Castaneda is the founder of Mountaintop Advisors, a firm to which Opportunity Matters Fund has paid more than any other political consulting outfit over the last several years, according to FEC records. Scott has spoken about the need to move past racism in the country.

Castaneda declined to comment but did not deny the authenticity of the video. A spokesperson for Scott’s campaign also declined to comment.

The 36-second video was provided by an operative working to elect a rival candidate. The person shared it on condition of not being identified. It’s unknown when and where the video was filmed. The friends of Castaneda in the clip could not be identified.


One of Castaneda’s first jobs in politics was working for Scott as a legislative correspondent in 2017. He joined Hurd’s office as a legislative assistant in 2018, according to his LegiStorm profile. The next year he was a programs and strategy director for Empower America Project, a conservative leadership training organization for which Scott has served as an “honorary chairman.”

Castaneda started Mountaintop Advisors in July 2020, according to a Virginia business record. Within the first six months of his firm’s launch, Opportunity Matters Fund had paid Mountaintop Advisors almost $500,000.

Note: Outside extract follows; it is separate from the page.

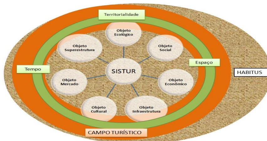
Figura 1: Fluxograma do Campo Turístico

O Turismo deve ser entendido em sua complexidade como um sistema orgânico, aberto que estabelece relação direta e indireta com diversos objetos: econômico, social, cultural, ambiental expressos por fazeres empíricos tais como: comércio, lazer, eventos, entretenimento, animação cultural, gastronomia, hospedagem, esporte, transporte, saúde, seja em ambientes urbanos, rurais ou de natureza preservada. Necessita de uma apropriação teórica, a qual só é estabelecida pela pesquisa, um conhecimento produzido para além da sua aparência, da película lustrosa da superfície , a exemplo do fluxograma na figura 1 abaixo:

A person familiar with the matter said Castaneda effectively leads Opportunity Matters Fund as its main point person.

The firm has performed a number of tasks for the super PAC, including strategy, fundraising consulting, digital consulting, website development, ad production and data acquisition and modeling, according to FEC records. The PAC was funded in large part by Oracle billionaire Larry Ellison, who has given at least $25 million, while Las Vegas casino billionaire Steve Wynn has given $1 million.

Castaneda’s face appeared in a disclaimer of a TV ad that Opportunity Matters Fund ran in the Virginia governor’s race in 2021. Scott helped narrate the spot advocating for Glenn Youngkin.

The main super PAC now backing Scott’s campaign is called TIM PAC. The person familiar with Opportunity Matters Fund told POLITICO that that PAC is still doing some work, including sending pro-Scott mailers to voters in early states.

Besides his work to boost Scott, Castaneda’s firm was paid $16,000 three months ago by Bluegrass Freedom Action, an outside group that backs Kentucky Attorney General Daniel Cameron, another Black Republican, in his bid for governor. Castaneda is listed as a director of that group in Kentucky business records.

Neither Bluegrass Freedom Action nor Cameron responded to requests for comment. 

In a 2021 response to a joint address to Congress by President Joe Biden, Scott said he’s been called the N-word by progressives and liberals. He also said during that speech that “America is not a racist country.”